- Born: Imogen Lee Crowe 2 November 1943 England
- Died: 24 June 2005 (aged 61) England
- Occupations: Actor; dancer; choreographer; dance teacher;
- Notable work: The Lair of the White Worm (1988) The Rocky Horror Picture Show (1975)
- Spouse: John Rothenberg (1992–2004)
- Parents: Kathleen Eden-Green; Antony Lee Crowe;

= Imogen Claire =

British actress, dancer, choreographer (1943–2005)
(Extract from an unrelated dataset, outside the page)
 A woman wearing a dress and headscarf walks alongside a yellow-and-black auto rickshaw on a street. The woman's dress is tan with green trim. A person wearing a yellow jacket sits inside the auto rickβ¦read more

Imogen Lee Claire (2 November 1943 – 24 June 2005), born Imogen Lee Crowe, was a British dancer, choreographer, actress, and dance teacher.

==Early life==
Born in London in 1943, Claire was the second born daughter of Kathleen Eden-Green and Antony Lee Crowe. She had one older sister and a younger brother and sister. Her parents had married in 1938. Her mother was a schoolmistress, and her father was a graduate student working on a thesis. She was educated at the Royal Ballet School and the London Dance Theatre. In the autumn of 1961, the Dancing Times reported Imogen Crowe as a notable Royal Ballet School leaver who had passed her Advanced Royal Academy of Dance exams with a commendation.

==Career==
As a dancer, Claire gained leading roles in the 1960s. In 1963, as Imogen Crowe, she appeared as Terpsichore in the first English production of the Stravinsky ballet Apollo, choreographed by Balanchine, opposite Maximo Barra as Apollo. It opened at the Royalty Theatre, Chester, on 9 November and then went on tour.
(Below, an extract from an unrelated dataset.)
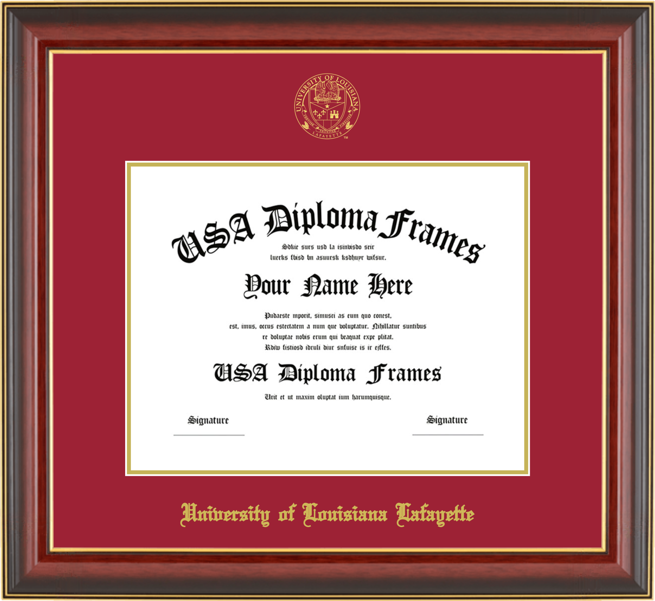 University of Louisiana at Lafayette Diploma Frame – Cherry Mahogany Gold Trim Glossy – Crimson and Gold Mat

In 1970, Claire played Lucretia Borgia on stage in The Council of Love, with Warren Mitchell as Satan. Ken Russell then recruited her for minor roles in his films, beginning with three in 1971, The Music Lovers, The Devils, and The Boy Friend. She appeared in other Russell films such well as The Lair of the White Worm (1988).

In the theatre Claire worked several times with Philip Prowse, as an actor, dancer and choreographer. Her final film was Billy Elliot (2000).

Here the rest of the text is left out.